Carl followed-up on his comments in a statement to NBC News Thursday.

“What I said is there’s been racism in America, and we need to do everything we can to eradicate it and stand united regardless of skin color,” he said. “The far left wants to divide us on race with ANTIFA and Black Lives Matter, and Barry Moore does it by voting to keep CRT [critical race theory] in our military."

"This district was drawn along racial lines, and I disagree with that because we need to look at people for who they are regardless of their skin color," he added about the court's decision, which is expected to give Democrats an extra congressional seat in the state.

Haley made her comments about racism in an interview with Fox News last week.

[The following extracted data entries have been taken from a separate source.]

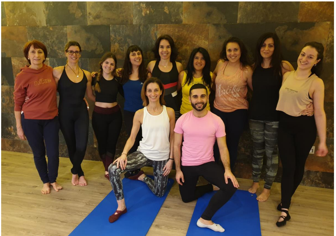
Grupo de Formación de la XIV Promoción 2019-20
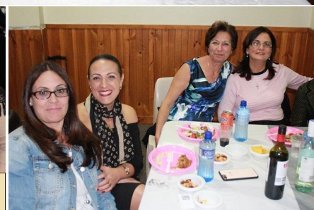
Mother's Day 2017
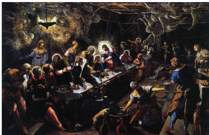
Slika 43. Jacopo Tintoretto, Posljednja večera , 1548., ulje na platnu, crkva sv. Franje Ksaverskog, Pariz
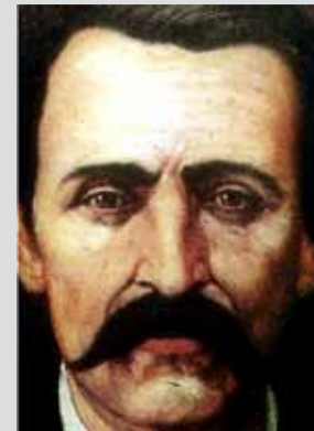
Por Francisco Zarco

ES PREGUNTA. ¿Ya empezó la guerra de lodo entre los candidatos presidenciales?

We’re not a racist country. … We’ve never been a racist country,” she said. “Our goal is to make sure that today is better than yesterday. Are we perfect? No. But our goal is to always make sure we try and be more perfect every day that we can.”

Carl is currently serving his second term in Congress. He objected to certifying the 2020 election on Jan. 6, 2021.

A few months after his first election, Carl asserted that Congress is racist.

“I mean, that’s the most racist bunch of people that I serve with in Washington I have ever witnessed in my life,” he said on a Mobile, Alabama, talk show at the time. “I thought I understood racism until I came and joined Congress. I live it. I see it.”